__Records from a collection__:

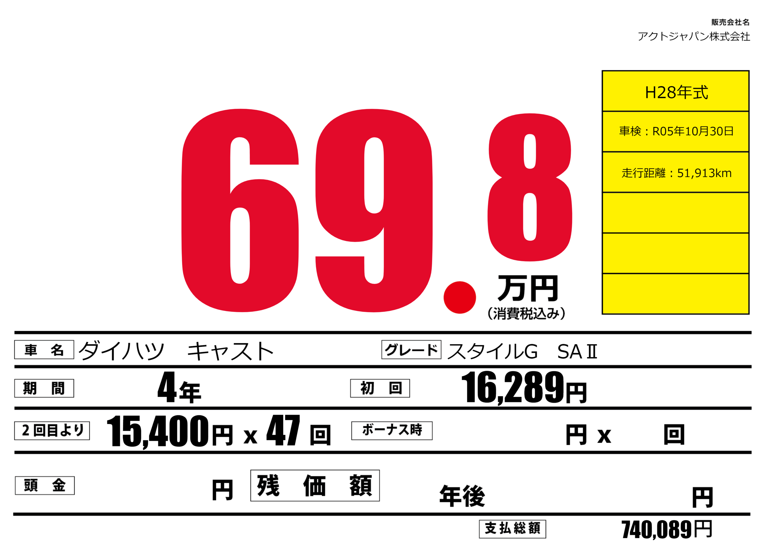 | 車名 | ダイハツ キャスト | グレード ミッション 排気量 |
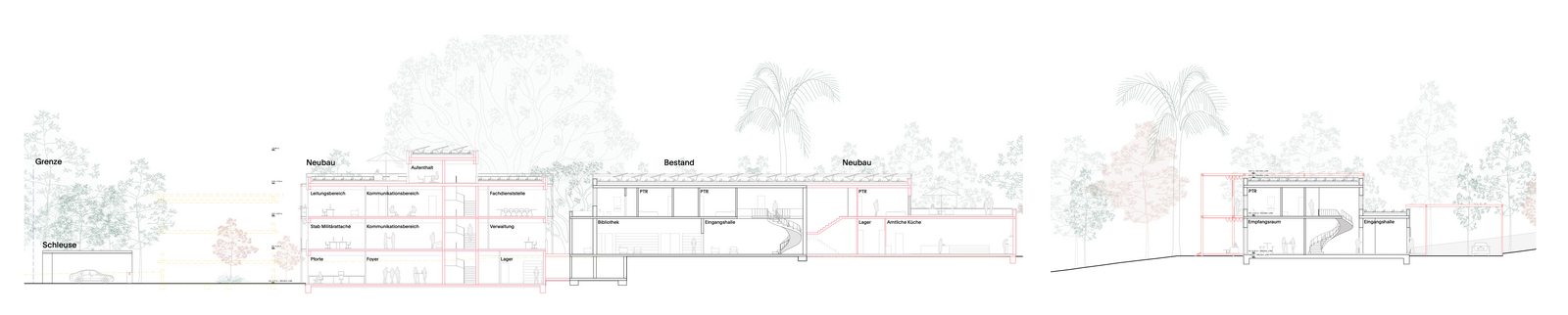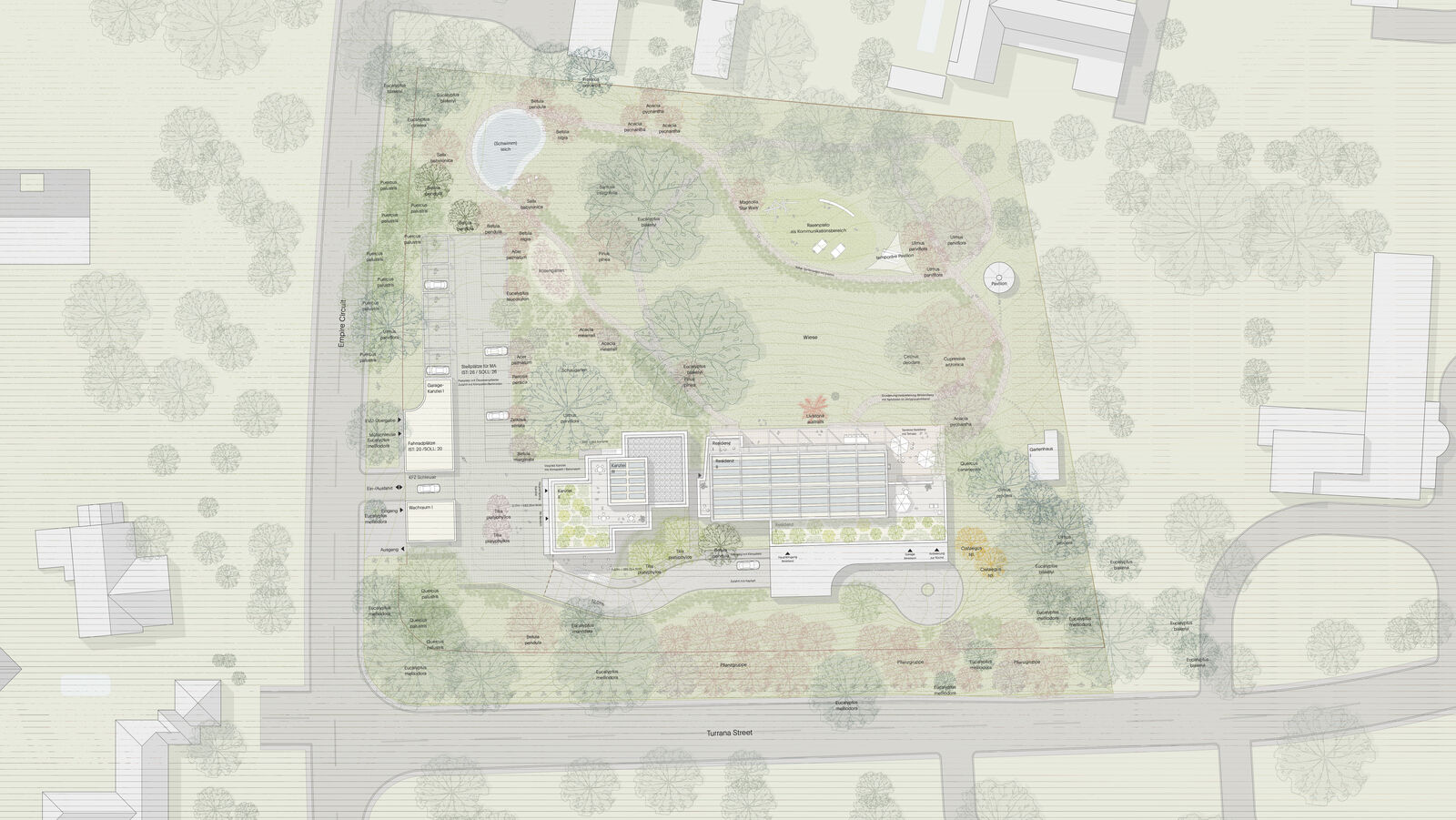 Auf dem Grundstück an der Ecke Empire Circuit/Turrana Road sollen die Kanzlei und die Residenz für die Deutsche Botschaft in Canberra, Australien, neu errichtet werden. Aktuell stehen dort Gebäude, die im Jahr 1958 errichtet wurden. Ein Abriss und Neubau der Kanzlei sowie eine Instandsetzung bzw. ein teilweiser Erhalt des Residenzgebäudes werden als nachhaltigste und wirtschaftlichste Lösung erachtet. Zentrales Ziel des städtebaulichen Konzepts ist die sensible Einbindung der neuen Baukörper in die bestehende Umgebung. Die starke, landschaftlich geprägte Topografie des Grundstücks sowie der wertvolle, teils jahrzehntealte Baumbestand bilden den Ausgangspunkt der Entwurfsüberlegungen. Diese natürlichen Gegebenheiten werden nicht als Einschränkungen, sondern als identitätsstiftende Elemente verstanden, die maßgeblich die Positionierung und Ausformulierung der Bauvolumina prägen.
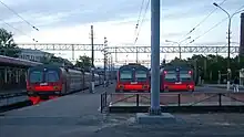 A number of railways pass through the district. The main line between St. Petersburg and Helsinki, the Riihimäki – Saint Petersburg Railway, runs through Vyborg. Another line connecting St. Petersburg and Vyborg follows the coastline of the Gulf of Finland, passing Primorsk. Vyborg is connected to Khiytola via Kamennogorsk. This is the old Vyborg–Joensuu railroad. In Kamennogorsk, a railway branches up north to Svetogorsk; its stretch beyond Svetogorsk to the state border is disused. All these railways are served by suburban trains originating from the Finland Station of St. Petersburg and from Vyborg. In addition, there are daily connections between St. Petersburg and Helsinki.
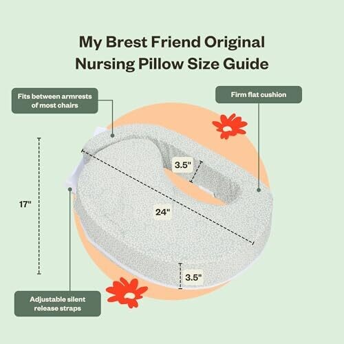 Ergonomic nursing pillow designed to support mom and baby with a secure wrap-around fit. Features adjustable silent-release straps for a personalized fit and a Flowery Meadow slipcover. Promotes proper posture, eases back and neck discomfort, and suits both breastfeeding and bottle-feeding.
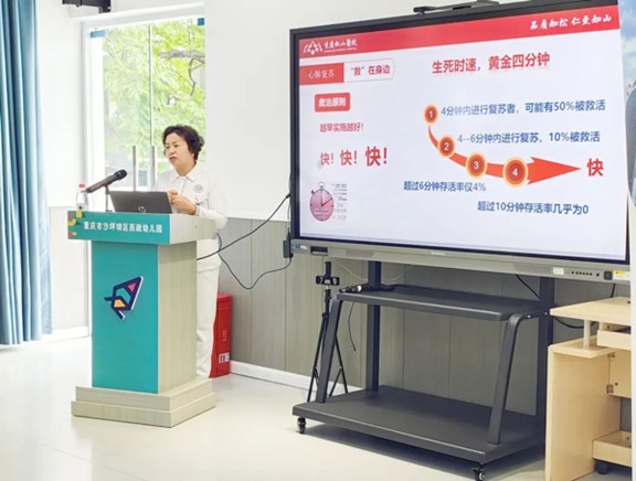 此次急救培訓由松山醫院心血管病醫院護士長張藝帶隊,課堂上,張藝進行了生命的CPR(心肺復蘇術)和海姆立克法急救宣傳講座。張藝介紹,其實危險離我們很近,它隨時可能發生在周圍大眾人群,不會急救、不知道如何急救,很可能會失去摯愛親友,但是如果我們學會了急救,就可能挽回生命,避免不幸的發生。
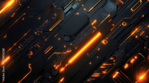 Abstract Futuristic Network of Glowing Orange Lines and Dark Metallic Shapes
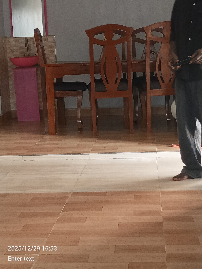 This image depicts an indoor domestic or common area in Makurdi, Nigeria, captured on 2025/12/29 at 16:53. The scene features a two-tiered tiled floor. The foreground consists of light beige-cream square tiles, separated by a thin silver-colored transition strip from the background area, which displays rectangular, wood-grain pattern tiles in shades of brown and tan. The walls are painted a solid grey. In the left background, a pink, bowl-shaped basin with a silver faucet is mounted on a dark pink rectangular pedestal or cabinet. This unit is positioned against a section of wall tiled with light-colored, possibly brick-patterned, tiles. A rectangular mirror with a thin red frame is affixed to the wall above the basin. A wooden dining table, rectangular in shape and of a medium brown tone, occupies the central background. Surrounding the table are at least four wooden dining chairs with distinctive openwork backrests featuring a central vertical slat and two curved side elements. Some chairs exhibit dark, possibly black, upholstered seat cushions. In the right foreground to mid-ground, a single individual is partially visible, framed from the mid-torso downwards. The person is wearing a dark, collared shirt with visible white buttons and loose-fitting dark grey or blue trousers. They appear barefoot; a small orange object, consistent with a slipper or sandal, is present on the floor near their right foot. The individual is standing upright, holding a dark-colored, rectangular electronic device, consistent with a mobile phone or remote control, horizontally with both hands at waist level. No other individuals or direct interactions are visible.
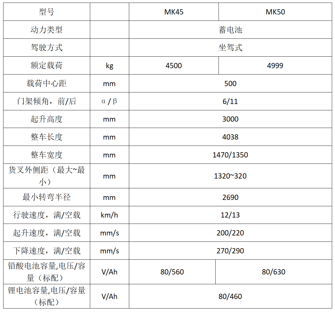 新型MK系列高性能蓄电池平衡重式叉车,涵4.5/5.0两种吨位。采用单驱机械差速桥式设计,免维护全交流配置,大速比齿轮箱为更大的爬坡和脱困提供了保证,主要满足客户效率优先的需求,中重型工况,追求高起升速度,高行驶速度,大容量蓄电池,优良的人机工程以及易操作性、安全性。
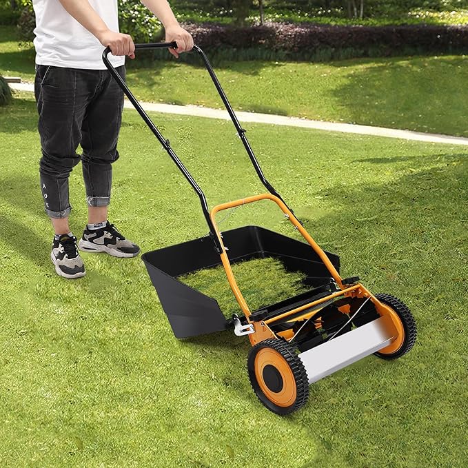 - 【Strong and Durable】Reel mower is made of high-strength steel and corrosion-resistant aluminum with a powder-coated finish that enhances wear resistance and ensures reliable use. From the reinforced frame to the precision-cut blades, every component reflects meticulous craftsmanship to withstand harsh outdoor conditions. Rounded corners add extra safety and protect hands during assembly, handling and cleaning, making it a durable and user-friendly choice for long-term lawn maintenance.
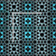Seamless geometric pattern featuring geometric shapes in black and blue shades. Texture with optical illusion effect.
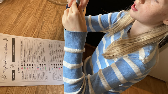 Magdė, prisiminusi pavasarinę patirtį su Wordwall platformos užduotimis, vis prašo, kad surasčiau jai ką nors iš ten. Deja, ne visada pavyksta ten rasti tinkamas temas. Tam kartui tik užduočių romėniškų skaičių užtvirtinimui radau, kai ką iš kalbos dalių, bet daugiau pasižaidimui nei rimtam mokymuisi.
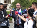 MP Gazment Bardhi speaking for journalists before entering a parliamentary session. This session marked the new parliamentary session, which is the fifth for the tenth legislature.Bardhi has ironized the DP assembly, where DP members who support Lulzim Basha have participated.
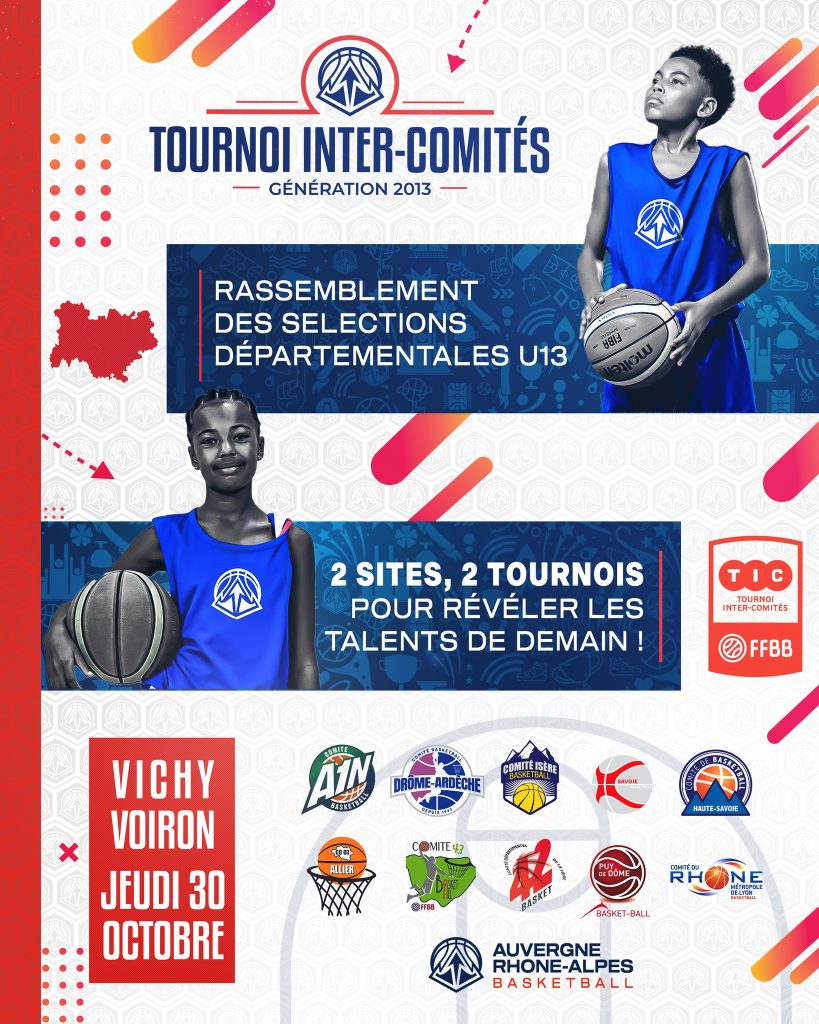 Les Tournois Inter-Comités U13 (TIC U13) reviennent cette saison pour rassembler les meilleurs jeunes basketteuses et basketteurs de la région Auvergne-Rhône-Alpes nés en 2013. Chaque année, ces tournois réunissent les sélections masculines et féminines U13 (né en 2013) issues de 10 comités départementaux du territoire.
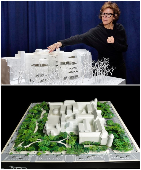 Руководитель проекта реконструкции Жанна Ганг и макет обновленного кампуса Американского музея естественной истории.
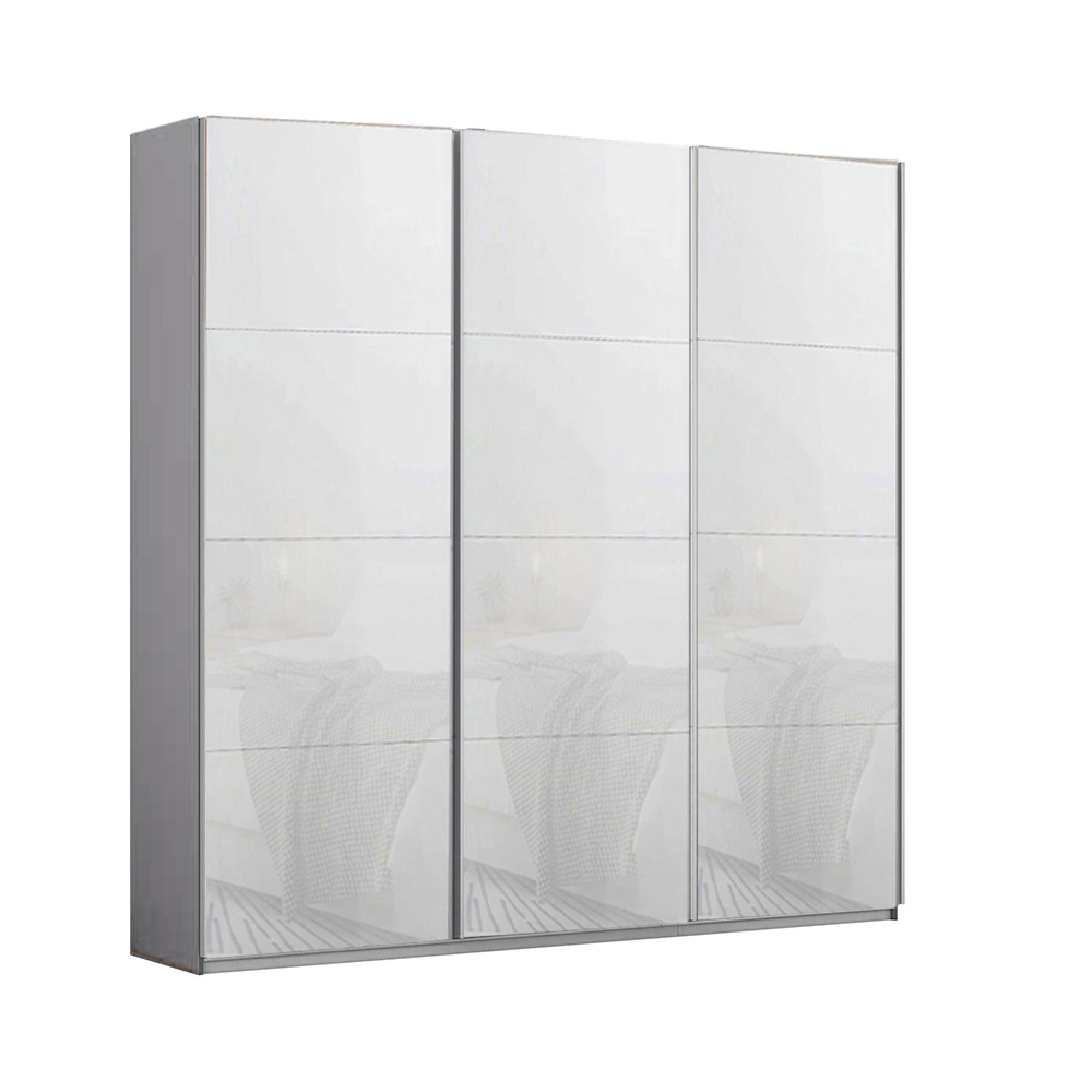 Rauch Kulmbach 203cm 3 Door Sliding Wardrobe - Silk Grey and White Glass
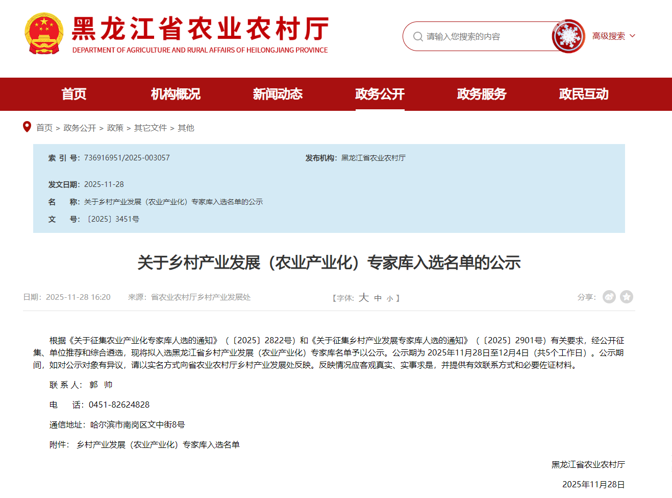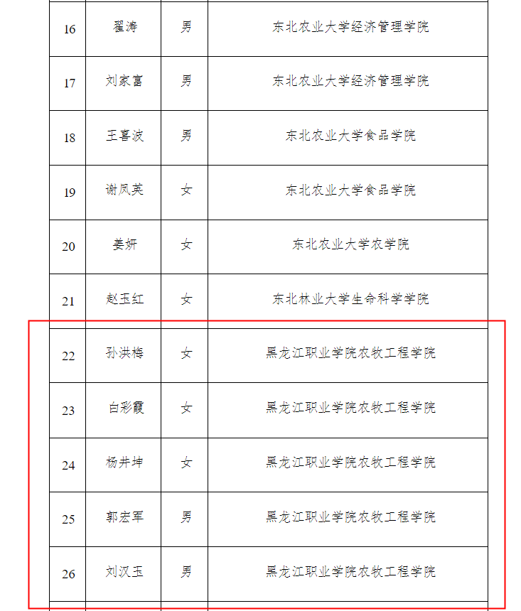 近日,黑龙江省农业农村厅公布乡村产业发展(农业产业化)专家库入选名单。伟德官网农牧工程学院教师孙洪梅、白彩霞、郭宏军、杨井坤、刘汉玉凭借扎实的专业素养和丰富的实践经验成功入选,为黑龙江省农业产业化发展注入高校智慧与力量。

__The task__: Would you reproduce the lines above, from the very first through the line containing "Ergonomic nursing pillow", exactly and without the pictures?

__Answer space__:
 | 車名 | ダイハツ キャスト | グレード ミッション 排気量 |
 Auf dem Grundstück an der Ecke Empire Circuit/Turrana Road sollen die Kanzlei und die Residenz für die Deutsche Botschaft in Canberra, Australien, neu errichtet werden. Aktuell stehen dort Gebäude, die im Jahr 1958 errichtet wurden. Ein Abriss und Neubau der Kanzlei sowie eine Instandsetzung bzw. ein teilweiser Erhalt des Residenzgebäudes werden als nachhaltigste und wirtschaftlichste Lösung erachtet. Zentrales Ziel des städtebaulichen Konzepts ist die sensible Einbindung der neuen Baukörper in die bestehende Umgebung. Die starke, landschaftlich geprägte Topografie des Grundstücks sowie der wertvolle, teils jahrzehntealte Baumbestand bilden den Ausgangspunkt der Entwurfsüberlegungen. Diese natürlichen Gegebenheiten werden nicht als Einschränkungen, sondern als identitätsstiftende Elemente verstanden, die maßgeblich die Positionierung und Ausformulierung der Bauvolumina prägen.
 A number of railways pass through the district. The main line between St. Petersburg and Helsinki, the Riihimäki – Saint Petersburg Railway, runs through Vyborg. Another line connecting St. Petersburg and Vyborg follows the coastline of the Gulf of Finland, passing Primorsk. Vyborg is connected to Khiytola via Kamennogorsk. This is the old Vyborg–Joensuu railroad. In Kamennogorsk, a railway branches up north to Svetogorsk; its stretch beyond Svetogorsk to the state border is disused. All these railways are served by suburban trains originating from the Finland Station of St. Petersburg and from Vyborg. In addition, there are daily connections between St. Petersburg and Helsinki.
 Ergonomic nursing pillow designed to support mom and baby with a secure wrap-around fit. Features adjustable silent-release straps for a personalized fit and a Flowery Meadow slipcover. Promotes proper posture, eases back and neck discomfort, and suits both breastfeeding and bottle-feeding.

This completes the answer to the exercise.